Le Tribunal administratif de Montreuil a rejeté la requête de M. A... qui contestait une contrainte émise par France Travail pour le recouvrement d’un indu d’allocation de solidarité spécifique de 4 600,07 euros et demandait la remise gracieuse de cette dette. Le juge a constaté que, conformément à l’article L. 5426-8-3 du code du travail, une telle demande ne peut être portée devant le juge qu’après que le directeur de France Travail s’est prononcé.
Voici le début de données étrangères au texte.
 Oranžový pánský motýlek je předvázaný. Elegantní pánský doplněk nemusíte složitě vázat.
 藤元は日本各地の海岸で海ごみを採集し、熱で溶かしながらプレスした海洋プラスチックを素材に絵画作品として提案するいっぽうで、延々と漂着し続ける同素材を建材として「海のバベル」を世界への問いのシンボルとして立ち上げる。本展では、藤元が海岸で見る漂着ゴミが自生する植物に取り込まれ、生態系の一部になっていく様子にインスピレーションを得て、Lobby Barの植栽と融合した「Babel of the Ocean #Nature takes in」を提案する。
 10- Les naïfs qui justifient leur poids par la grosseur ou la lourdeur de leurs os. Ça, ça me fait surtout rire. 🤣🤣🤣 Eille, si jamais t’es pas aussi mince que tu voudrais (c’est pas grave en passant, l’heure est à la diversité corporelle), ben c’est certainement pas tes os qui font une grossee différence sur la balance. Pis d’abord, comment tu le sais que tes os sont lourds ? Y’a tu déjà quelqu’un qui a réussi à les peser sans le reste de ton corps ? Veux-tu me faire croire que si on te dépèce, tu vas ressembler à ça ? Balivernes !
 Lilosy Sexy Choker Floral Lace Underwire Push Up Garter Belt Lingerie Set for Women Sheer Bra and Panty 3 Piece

M. A... n’ayant pas justifié avoir préalablement saisi l’organisme d’une demande de remise gracieuse, malgré une invitation à régulariser, sa requête a été jugée manifestement irrecevable sur le fondement de l’article R. 222-1 du code de justice administrative.
Texte intégral
Vu la procédure suivante :
Par une requête enregistrée le 5 août 2025, M. B... A... forme opposition à la contrainte émise à son encontre le 18 juin 2025 par France Travail Ile-de-France pour le recouvrement d’une somme de 4 600,07 euros correspondant à un indu d’allocation de solidarité spécifique, en demandant la remise gracieuse de cette dette.
Vu les autres pièces du dossier.
Vu :
le code du travail ;
le code de justice administrative.
Considérant ce qui suit :
Aux termes de l'article R. 222-1 du code de justice administrative : « (…) les présidents de formation de jugement des tribunaux (…) peuvent, par ordonnance : (…) 4° Rejeter les requêtes manifestement irrecevables, lorsque la juridiction n'est pas tenue d'inviter leur auteur à les régulariser ou qu'elles n'ont pas été régularisées à l'expiration du délai imparti par une demande en ce sens ; (…) ».
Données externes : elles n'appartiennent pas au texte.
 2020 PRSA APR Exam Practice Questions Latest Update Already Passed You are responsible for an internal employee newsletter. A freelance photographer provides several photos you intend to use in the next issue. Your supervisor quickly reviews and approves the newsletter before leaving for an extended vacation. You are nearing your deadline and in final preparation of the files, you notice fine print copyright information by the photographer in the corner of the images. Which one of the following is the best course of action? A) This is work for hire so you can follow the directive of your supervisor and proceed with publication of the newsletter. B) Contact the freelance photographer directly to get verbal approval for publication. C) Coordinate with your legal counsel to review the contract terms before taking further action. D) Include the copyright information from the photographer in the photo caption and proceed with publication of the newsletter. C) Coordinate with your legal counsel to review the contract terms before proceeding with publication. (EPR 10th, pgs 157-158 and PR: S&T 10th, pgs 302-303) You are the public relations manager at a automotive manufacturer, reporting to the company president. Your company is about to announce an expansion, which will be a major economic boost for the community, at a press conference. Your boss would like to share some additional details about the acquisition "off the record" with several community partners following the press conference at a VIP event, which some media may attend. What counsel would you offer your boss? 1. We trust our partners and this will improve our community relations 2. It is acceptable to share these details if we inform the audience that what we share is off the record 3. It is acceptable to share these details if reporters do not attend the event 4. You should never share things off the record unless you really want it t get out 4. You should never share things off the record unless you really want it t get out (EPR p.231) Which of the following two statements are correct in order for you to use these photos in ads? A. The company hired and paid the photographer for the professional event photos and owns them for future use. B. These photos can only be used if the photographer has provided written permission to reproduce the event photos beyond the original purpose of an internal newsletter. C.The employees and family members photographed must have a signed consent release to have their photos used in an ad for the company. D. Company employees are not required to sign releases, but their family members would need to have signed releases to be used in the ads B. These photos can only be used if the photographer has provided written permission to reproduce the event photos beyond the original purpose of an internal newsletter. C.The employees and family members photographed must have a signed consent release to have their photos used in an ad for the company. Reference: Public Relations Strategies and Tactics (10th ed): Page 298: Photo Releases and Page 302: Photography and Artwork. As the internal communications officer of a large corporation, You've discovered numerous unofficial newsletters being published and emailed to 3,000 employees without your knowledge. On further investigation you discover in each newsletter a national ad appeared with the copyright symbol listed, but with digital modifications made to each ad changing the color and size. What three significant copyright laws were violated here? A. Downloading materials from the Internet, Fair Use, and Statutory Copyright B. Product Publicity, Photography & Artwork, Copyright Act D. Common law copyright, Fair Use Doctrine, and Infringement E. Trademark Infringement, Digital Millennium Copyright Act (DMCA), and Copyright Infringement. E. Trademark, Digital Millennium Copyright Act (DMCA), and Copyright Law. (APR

Aux termes de l’article L. 5426-8-3 du code du travail : « L'opérateur France Travail est autorisé à différer ou à abandonner la mise en recouvrement des allocations, aides, ainsi que de toute autre prestation indûment versées pour son propre compte, pour le compte de l'Etat ou des employeurs mentionnés à l'article L. 5424-1 ».
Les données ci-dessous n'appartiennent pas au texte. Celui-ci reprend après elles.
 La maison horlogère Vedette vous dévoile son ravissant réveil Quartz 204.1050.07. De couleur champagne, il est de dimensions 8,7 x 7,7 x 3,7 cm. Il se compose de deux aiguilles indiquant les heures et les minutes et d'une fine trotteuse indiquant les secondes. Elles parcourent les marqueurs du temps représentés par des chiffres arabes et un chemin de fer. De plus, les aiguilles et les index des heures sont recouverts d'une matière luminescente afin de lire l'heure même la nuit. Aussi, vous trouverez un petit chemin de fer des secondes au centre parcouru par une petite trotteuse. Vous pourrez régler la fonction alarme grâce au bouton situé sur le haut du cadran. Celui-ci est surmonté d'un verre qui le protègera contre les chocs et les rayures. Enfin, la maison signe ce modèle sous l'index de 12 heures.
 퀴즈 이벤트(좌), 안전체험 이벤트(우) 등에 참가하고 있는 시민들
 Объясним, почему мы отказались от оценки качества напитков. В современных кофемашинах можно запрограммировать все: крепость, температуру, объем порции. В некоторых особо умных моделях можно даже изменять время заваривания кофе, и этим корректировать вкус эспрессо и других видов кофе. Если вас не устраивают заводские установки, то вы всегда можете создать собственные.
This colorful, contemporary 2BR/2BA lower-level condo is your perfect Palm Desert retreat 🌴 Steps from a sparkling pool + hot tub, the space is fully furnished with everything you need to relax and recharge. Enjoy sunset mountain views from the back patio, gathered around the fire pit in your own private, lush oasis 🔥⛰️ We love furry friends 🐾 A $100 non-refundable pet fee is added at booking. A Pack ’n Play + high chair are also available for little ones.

Il résulte de ces dernières dispositions que le juge administratif ne peut être saisi d’une demande de remise gracieuse d’une dette d’allocation ou d’aide servie par France Travail qu’après que le directeur de cet organisme se soit prononcé sur une telle demande.
Par un courrier n° 2C04053321013 du 7 août 2025 qui lui a été remis en main propre au bureau le 11 août suivant, M. A... en a été a été invité à produire, avant le 10 septembre 2025, la preuve de ce qu’il avait sollicité une remise gracieuse de sa dette d'allocation de solidarité spécifique auprès de France Travail, ainsi que la décision éventuellement rendue par cet opérateur. Ce courrier l’informe également qu’à défaut, sa requête, qui ne tend qu’à la remise de cette dette, pourrait être rejetée comme irrecevable par ordonnance, en application de l'article R. 222-1 du code de justice administrative. Aucune régularisation n’étant parvenue au tribunal dans le délai imparti, ni ultérieurement, la requête de M. A... doit être rejetée comme irrecevable.
ORDONNE :
Article 1er : La requête de M. A... est rejetée.
Article 2 : La présente ordonnance sera notifiée à M. B... A... et à France Travail Ile-de-France.
Fait à Montreuil, le 14 octobre 2025.
Le président de la 5e chambre,
J.-F. Baffray
La République mande et ordonne au ministre du travail et des solidarités en ce qui le concerne ou à tous commissaires de justice à ce requis en ce qui concerne les voies de droit commun contre les parties privées, de pourvoir à l’exécution de la présente décision.